Паруса размахнулись, и ладья, разбрызгивая волны, полетела по морю.
«Счастливого пути вам, други! — думал оставшийся новогородец на берегу. — Спешите: ветер изменчив, и злодейство не теряет минут. Кто знает, на избавление или на бесплодную месть вы спешите».
Скован, как злодей, осужден, как преступник, лежал Эвальд на полу в одной из башен аренсбургских. Неумолкающая тоска грызла его сердце, и все насмешливые воспоминания счастия и все жестокие ощущения души будто нарочно роились в воображении, чтобы отравить последние минуты жизни. Пять дней тому назад он был счастливейшим человеком в свете. Увенчан молвою, отличен гермейстером, почтен равными себе, спешил Эвальд в объятия прелестной супруги и друзей, ему обязанных. А теперь… о боже мой, боже мой! Кто испытал вдруг столько душевных и вещественных несчастий! Обманут другом, изменен женою, безвозвратно оклеветан, очернен пред рыцарством, перед потомками, осужден беззаконно и безвинно на гибель, на смерть, на казнь!..
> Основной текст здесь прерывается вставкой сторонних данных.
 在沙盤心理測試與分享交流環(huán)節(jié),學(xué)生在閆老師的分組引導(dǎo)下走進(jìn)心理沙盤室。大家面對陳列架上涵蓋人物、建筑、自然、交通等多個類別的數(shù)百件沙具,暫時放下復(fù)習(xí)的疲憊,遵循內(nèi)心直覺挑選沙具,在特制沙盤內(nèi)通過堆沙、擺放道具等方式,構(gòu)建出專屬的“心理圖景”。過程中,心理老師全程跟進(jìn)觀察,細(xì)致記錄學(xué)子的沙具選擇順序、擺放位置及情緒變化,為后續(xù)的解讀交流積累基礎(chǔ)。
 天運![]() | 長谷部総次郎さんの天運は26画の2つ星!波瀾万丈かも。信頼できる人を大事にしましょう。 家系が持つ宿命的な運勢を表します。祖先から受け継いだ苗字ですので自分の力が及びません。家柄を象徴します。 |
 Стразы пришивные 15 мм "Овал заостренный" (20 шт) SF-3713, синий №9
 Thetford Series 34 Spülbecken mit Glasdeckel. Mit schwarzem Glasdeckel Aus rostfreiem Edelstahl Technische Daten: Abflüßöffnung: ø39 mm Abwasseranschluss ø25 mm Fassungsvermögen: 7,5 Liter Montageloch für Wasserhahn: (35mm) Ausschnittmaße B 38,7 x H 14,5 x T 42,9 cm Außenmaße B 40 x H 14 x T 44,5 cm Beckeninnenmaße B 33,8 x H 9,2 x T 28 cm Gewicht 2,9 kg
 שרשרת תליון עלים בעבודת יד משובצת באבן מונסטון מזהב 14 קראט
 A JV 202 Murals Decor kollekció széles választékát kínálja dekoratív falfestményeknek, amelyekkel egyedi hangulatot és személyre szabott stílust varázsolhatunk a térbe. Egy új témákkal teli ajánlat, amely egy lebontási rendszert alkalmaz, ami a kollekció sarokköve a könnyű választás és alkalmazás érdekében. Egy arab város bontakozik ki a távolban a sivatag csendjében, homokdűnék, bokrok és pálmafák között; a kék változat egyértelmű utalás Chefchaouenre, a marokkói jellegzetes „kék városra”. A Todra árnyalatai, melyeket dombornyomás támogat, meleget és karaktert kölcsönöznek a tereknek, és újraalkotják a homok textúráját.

«Умереть легко, — думал он, — но умереть на поле чести или на ложе предков, не на плахе потаенного палача, на которой не застыла еще кровь какого-нибудь бездельника. Погибнуть столь внезапно, оставить без награды лучших друзей, без отмщения злейших врагов!.. Умереть так темно, что ни один наследник, даже для виду, не придет поплакать на прах мой… Его развеет ветр, размоют волны и хищные птицы разнесут по лесам и болотам… О, это ужасно, это нестерпимо!»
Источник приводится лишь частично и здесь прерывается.